Le mouvement se ‘relance’ à partir du milieu du 19e siècle (Grande Famine), notamment au sein de l’émigration en Amérique du Nord : Irish Republican Brotherhood (IRB, née en 1858 à Dublin et New York), mouvement Fenian (plus large, désigne tou-te-s celles et ceux qui luttent par la violence contre la domination anglaise), et militantisme (plus pacifiste, de concert avec les ‘libéraux avancés’ anglais) pour le Home Rule – l’autonomie, le retour d’un Parlement et d’un gouvernement autonome irlandais.
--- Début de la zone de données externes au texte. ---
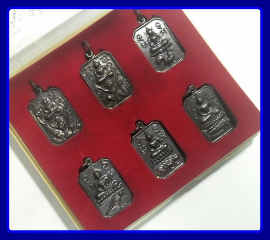 สวยมาก พร้อมกล่อง-250-เหรียญชุดประทับสัตว์ หลังยันต์เกราะเพชร ลพ.ปาน วัดบางนมโค จ.อยุธยา ลพ.รวย วัดตะโก,ลพ.เพิ่ม,ลพ.พูล ปลุกเสก พศ.2545

Au début du 20e siècle naît le Sinn Féin (1905), fondé par Arthur Griffith, qui est au départ plutôt un mouvement de renaissance culturelle et ne prônant pas vraiment l’indépendance, mais plutôt une semi-indépendance en union personnelle via le souverain britannique, sur le ‘modèle’ austro-hongrois.

Mais, avec le développement d’une classe ouvrière irlandaise – et la grande importance des Irlandais-es dans le prolétariat de Grande-Bretagne et d’Amérique du Nord, le mouvement national va bientôt voir naître un courant socialiste, avec notamment James Connolly, qui fonde en 1896 le (premier) Parti socialiste républicain irlandais (ISRP). Celui-ci est le premier parti irlandais à revendiquer, clairement, une République indépendante (ce n’est pas encore le cas du Sinn Féin). Il devient en 1912 l’Irish Labour Party et crée dans la foulée une armée populaire, l’Irish Citizen Army (ICA). Cette ICA converge finalement avec des éléments de l’IRB et les Irish Volunteers (milice née pour défendre le Home Rule face aux Ulster Volunteers unionistes, farouchement opposés à celui-ci), pour déclencher l’insurrection de Pâques 1916 (en 1919, ces forces donneront officiellement naissance à l’IRA).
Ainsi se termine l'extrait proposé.